Directions - Retype the listing exactly. Leave out the images.

Record extracts section start

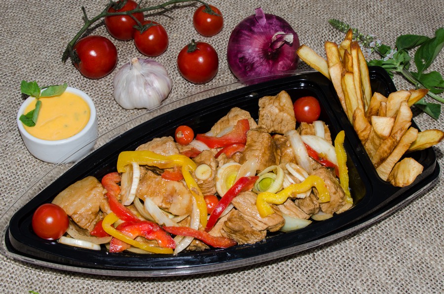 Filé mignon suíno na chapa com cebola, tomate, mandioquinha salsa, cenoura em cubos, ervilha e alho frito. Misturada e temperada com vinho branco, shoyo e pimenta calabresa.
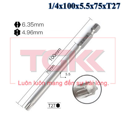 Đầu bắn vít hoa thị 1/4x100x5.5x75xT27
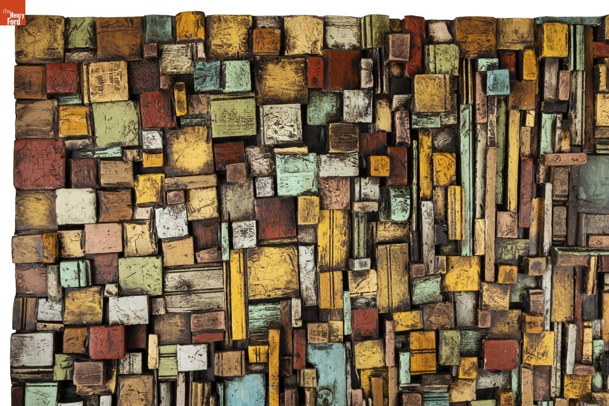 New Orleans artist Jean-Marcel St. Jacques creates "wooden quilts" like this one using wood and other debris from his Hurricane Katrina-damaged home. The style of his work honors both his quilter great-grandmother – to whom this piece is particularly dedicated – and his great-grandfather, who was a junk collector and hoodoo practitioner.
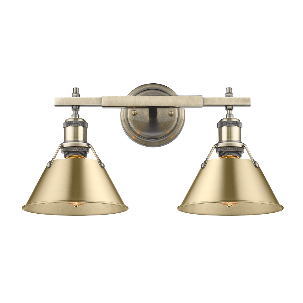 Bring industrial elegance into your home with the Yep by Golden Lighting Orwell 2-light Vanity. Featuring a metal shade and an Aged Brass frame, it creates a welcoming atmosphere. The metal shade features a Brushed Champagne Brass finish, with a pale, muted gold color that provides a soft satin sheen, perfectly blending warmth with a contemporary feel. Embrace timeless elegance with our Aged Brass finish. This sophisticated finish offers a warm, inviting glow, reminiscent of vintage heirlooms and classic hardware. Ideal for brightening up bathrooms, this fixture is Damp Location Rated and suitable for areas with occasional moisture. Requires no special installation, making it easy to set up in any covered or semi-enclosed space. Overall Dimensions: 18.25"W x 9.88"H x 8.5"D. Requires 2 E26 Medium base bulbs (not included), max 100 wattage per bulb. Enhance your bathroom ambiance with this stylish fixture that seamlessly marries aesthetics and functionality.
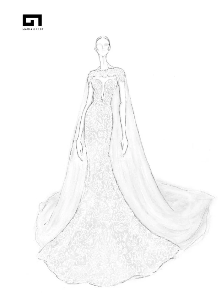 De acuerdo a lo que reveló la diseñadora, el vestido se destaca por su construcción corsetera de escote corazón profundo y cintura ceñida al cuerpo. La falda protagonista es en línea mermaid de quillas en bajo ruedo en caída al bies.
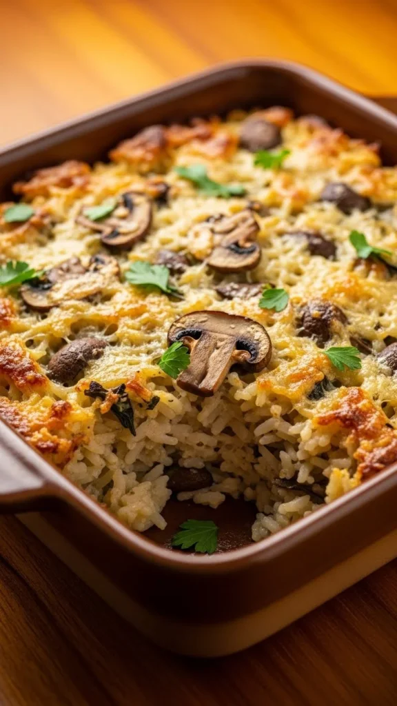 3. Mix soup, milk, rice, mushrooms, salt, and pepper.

Record extracts section end

Problem solution -
 Filé mignon suíno na chapa com cebola, tomate, mandioquinha salsa, cenoura em cubos, ervilha e alho frito. Misturada e temperada com vinho branco, shoyo e pimenta calabresa.
 Đầu bắn vít hoa thị 1/4x100x5.5x75xT27
 New Orleans artist Jean-Marcel St. Jacques creates "wooden quilts" like this one using wood and other debris from his Hurricane Katrina-damaged home. The style of his work honors both his quilter great-grandmother – to whom this piece is particularly dedicated – and his great-grandfather, who was a junk collector and hoodoo practitioner.
 Bring industrial elegance into your home with the Yep by Golden Lighting Orwell 2-light Vanity. Featuring a metal shade and an Aged Brass frame, it creates a welcoming atmosphere. The metal shade features a Brushed Champagne Brass finish, with a pale, muted gold color that provides a soft satin sheen, perfectly blending warmth with a contemporary feel. Embrace timeless elegance with our Aged Brass finish. This sophisticated finish offers a warm, inviting glow, reminiscent of vintage heirlooms and classic hardware. Ideal for brightening up bathrooms, this fixture is Damp Location Rated and suitable for areas with occasional moisture. Requires no special installation, making it easy to set up in any covered or semi-enclosed space. Overall Dimensions: 18.25"W x 9.88"H x 8.5"D. Requires 2 E26 Medium base bulbs (not included), max 100 wattage per bulb. Enhance your bathroom ambiance with this stylish fixture that seamlessly marries aesthetics and functionality.
 De acuerdo a lo que reveló la diseñadora, el vestido se destaca por su construcción corsetera de escote corazón profundo y cintura ceñida al cuerpo. La falda protagonista es en línea mermaid de quillas en bajo ruedo en caída al bies.
 3. Mix soup, milk, rice, mushrooms, salt, and pepper.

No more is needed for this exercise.